Once the call arrived from Maher to link up with the London squad, Healy had little hesitation. Even though things tailed off at the end, London enjoyed a fine Division 4 campaign. They beat Carlow, Waterford and Leitrim in their opening three games to sit on top of the table. 

Defeats followed against Wexford and Sligo, before they gave strong displays against promoted sides Cavan and Tipperary in narrow losses. 

“I don’t know if it’s London’s best ever league but it was a competitively league for us, it’s probably due to the competition for places,” he explains. “There’s a fair amount of fellas looking for spots and pushing to get on.

“The drive is still there for me, absolutely,” he says. “Sometimes it’s not even necessarily a drive it’s just I really enjoy it. I land in to training an hour, an hour and 15 minutes before and a few lads would be in there cracking jokes.

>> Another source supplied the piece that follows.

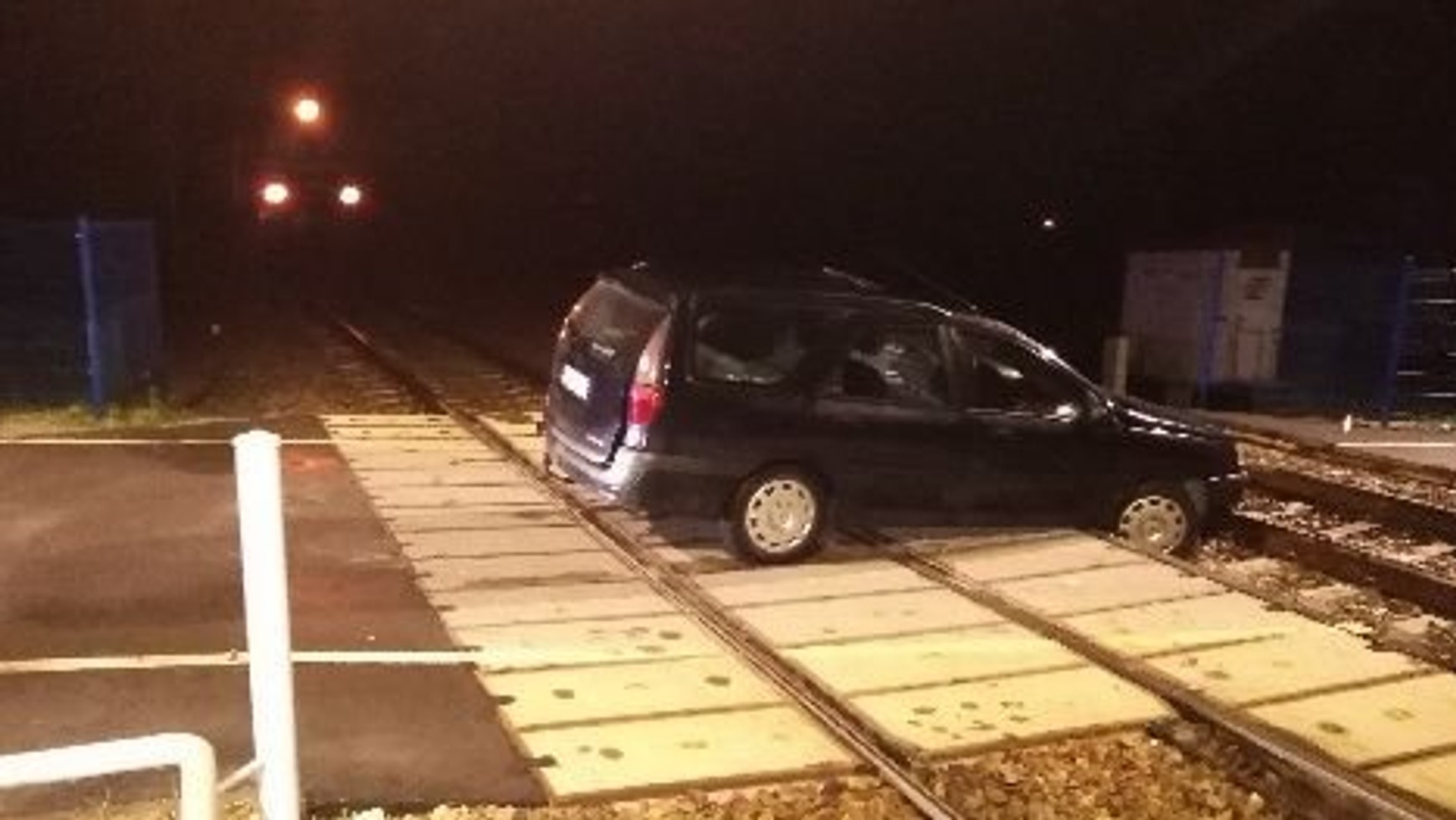 Z tych wszystkich ostrzeżeń nic sobie nie zrobił kierowca kombi marki Renault, który w nocy postanowił przejechać przez tory. Jak można było przypuszczać od samego początku, był to bardzo zły pomysł. Samochód zawiesił się na szynach, ponieważ zdemontowano betonowe płyty umożliwiające przejazd.

“It’s non-stop slagging and craic, just having that fun. I love being part of that. To me, playing county gives my life great direction. You get up in the morning and you’re thinking about what you eat for breakfast.

“It motivates you, it seeps through all parts of your life. It gives my life great direction anyway to be involved in a team that are bigger than yourself. I just love it, I have that drive to try and compete.

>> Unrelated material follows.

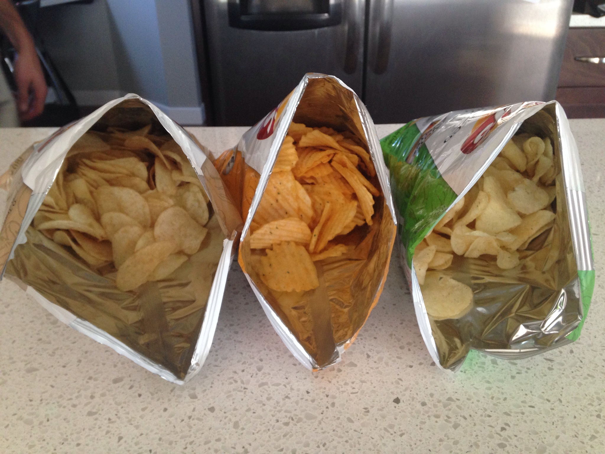 I decided to take the Lays potato chip flavour challenge. I purchased three different flavours to try (and I know there are four, but I am one of those strange people that doesn’t enjoy bacon. Seeing the the fourth flavour was bacon poutine I decided against it.)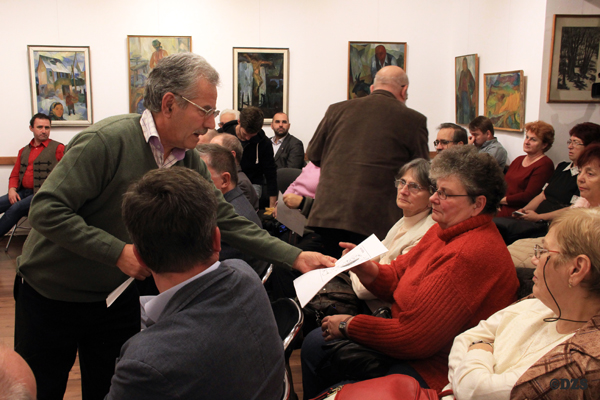 Barabás László (balra) Sóvidék-térképeket osztott a közönség tagjainak

“I’m probably finding it harder now to keep up with the pace if you like. I’m having to work very hard to try get up to that that pace but I’m really enjoying it as well, I have to say.”

15 years after his made his senior inter-county debut with the Laois hurlers, Healy will begin his latest championship campaign for the Exiles. Beat Leitrim next Sunday and they’ll play either Mayo or Galway in the semi-final.

“It’s always a great occasion in Ruislip. I used to go out every year to watch it anyway and it was always big crowd, great atmosphere. Usually the Connacht team brings good travelling support, it’s a big occasion.

“Even there would be a lot of emigrants from those counties in London anyway. So you have a great crowd out at the games, great atmosphere and hopefully it will be a good day and we get better weather than when we played them in February.”